You say you have a small, but clean home for a helper. I'd start by advertising it for rent. Let people know it's a working farm/homestead, and that they can 'work' off part of their rent by helping with the daily chores and weekend projects. This should protect you from anyone looking to take advantage of the situation and also help you determine if someone's worth keeping around. At the very least, the extra income from renting will help offset any additional costs of hiring outside help.

Good luck!


----------



## COSunflower

My oldest son's family just moved in with me a week and a half ago. It is crowded and noisy but I am MORE than thankful for the help!!!!


----------



## kilgrosh

First, where is your farm located? I'm very seriously toying with an idea just like this to allow me to get into homesteading/farming.

Second, I would build a small cabin, get it metered for separate utilities, and rent it out to a younger couple/family/single. I would use the rent towards hiring extra help as needed and barter with the renters that for each project they complete their rent gets cheaper. Just don't count on the labor every month because they might be okay with the rent sometimes if they get busy.

Third, what is your plan for the property when you both pass away? Would you leave it to your renters, granting that they have been with you for the last several years? 

Fourth, have you considered renting out your land to other farmers? If you can no longer do all the work but another farmer is looking for space to raise cows, chickens, etc., that might be an option. 

Final thought, I understand that you would like to have good, morale, upstanding people on your farm. I barely drink but I will have a beer or wine every now and then. We like to entertain which involves wine/beer/cocktails plus some guests do smoke. No drugs at all. All I'm saying is that finding someone to fit your "ideal" person might be a very long search. 

Anyways, best of luck to you and let us know how it goes.


----------



## Smitty0560

I know that this post is a couple months old. Just came across it and wanted to comment.

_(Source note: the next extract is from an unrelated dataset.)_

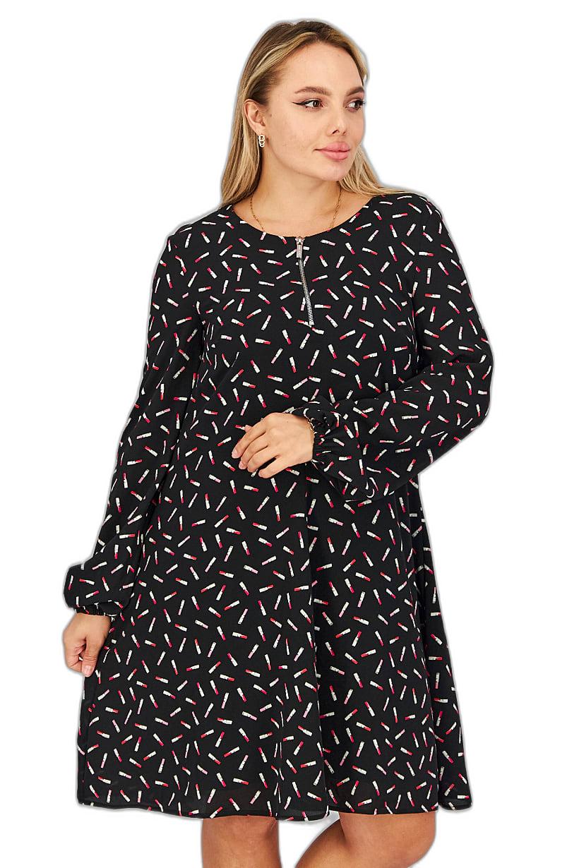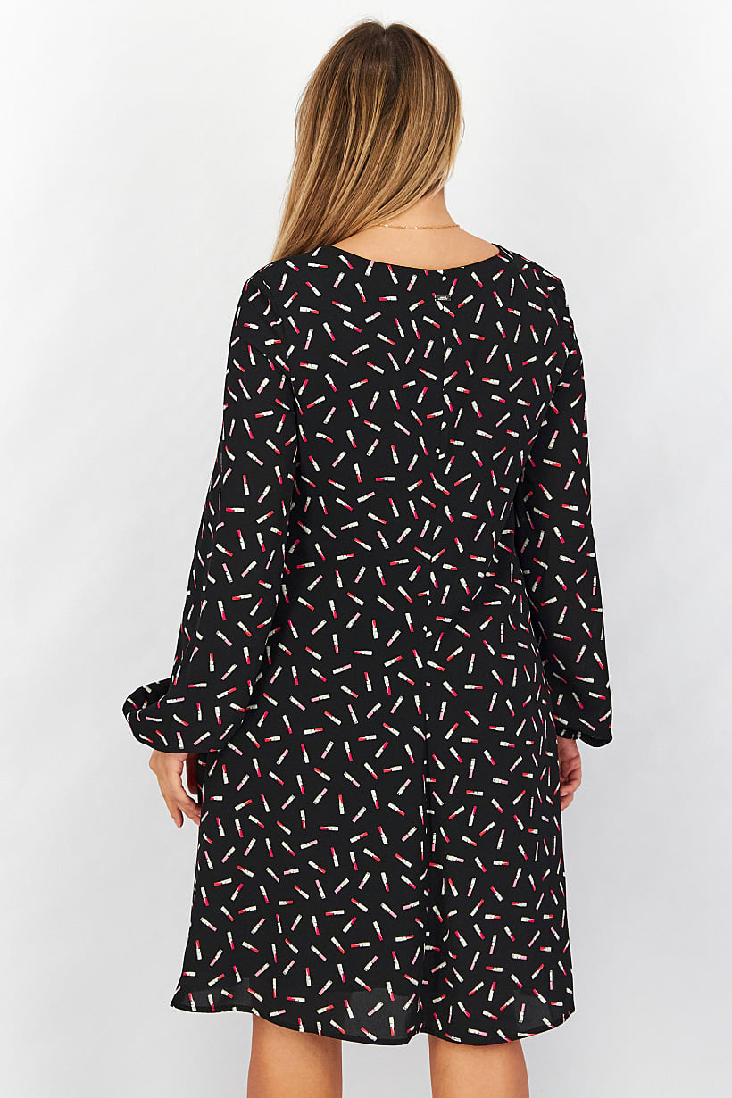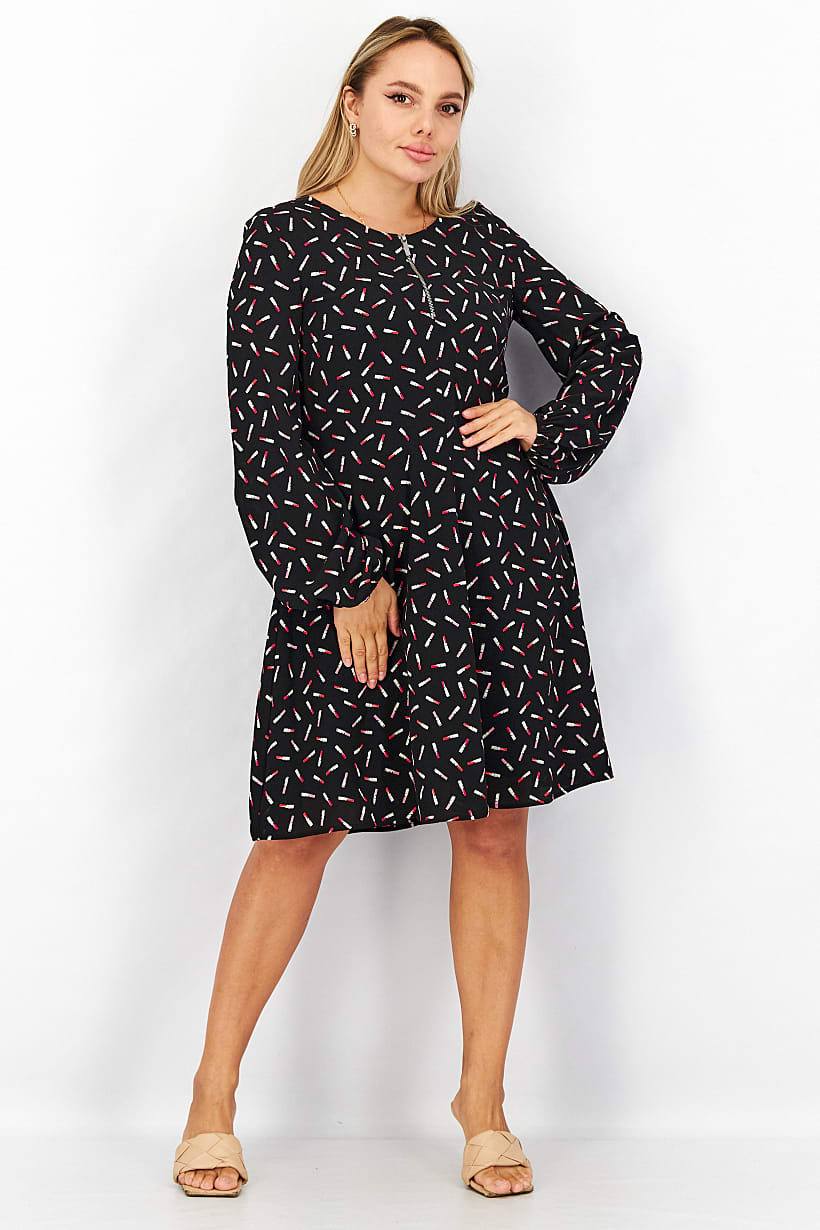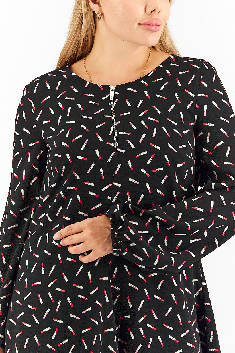 This product is suitable for women and features a regular fit with a mini dress style. It has a round neckline and long sleeves, with a straight hem and zipper closure. The allover print adds a stylish touch to the black color family. The fabric is made of 98% polyester and 2% elastane, and can be machine washed. Please note that the product color may vary slightly due to lighting or monitor settings.
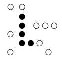 判定部312は、CPU301により動作を制御され、第1特定画像付加部311で生成された第1特定画像Aと、第2特定画像付加部308で生成された第2特定画像Bとをパターンマッチングすることにより、第2特定画像Bの一部が第1特定画像と同じか否かの判断を行なう。具体的には、判定部312は、第1特定画像付加部311で生成された第1特定画像Aの配置構成を検証する。そして、検証した第1特定画像Aの特定パターンが第2特定画像Bの一部に同じ特定パターンがあるかを判断する。例えば、第1特定画像Aが、図4に示すように、黒いドットで示すパターンの場合、図5に示すように、第2特定画像Bの一部である黒ドットの部分が第1特定画像Aの特定パターンと一致する。このとき、判定部312は、第2特定画像Bの一部が第1特定画像Aと同じと判断する。  The operation of the

My first thing to say is that there are certainly people out there who would find an opportunity such as you described to be a blessing.

My fiancee and I are seeking a life of farming. More specifically, I wish to be a dairyman. But regardless, we have no clear cut path to take to reach towards our goal. One avenue we are trying to explore is to find an older couple who are slowing down but don't have anyone they wish to leave their farm to. Unfortunately, those opportunities are darn near impossible to find.

Enough of that, but in regards to your situation. One thing that I've seen in my own search is that opportunities to rent are much harder for people to stomach. Some things I noticed were people wanting someone to rent and do things working with them. The problem I see is that it leaves the "renters" with little that they stand to gain in the long run.

A case that I can see as being the exception to that are opportunities for equity building. Things like that would be probably be more short term. I could foresee that working for building a herd or for infrastructure possibly.

Well, those are some of my thoughts for what they're worth. Feel free to provide your input or let me know if you have other ideas!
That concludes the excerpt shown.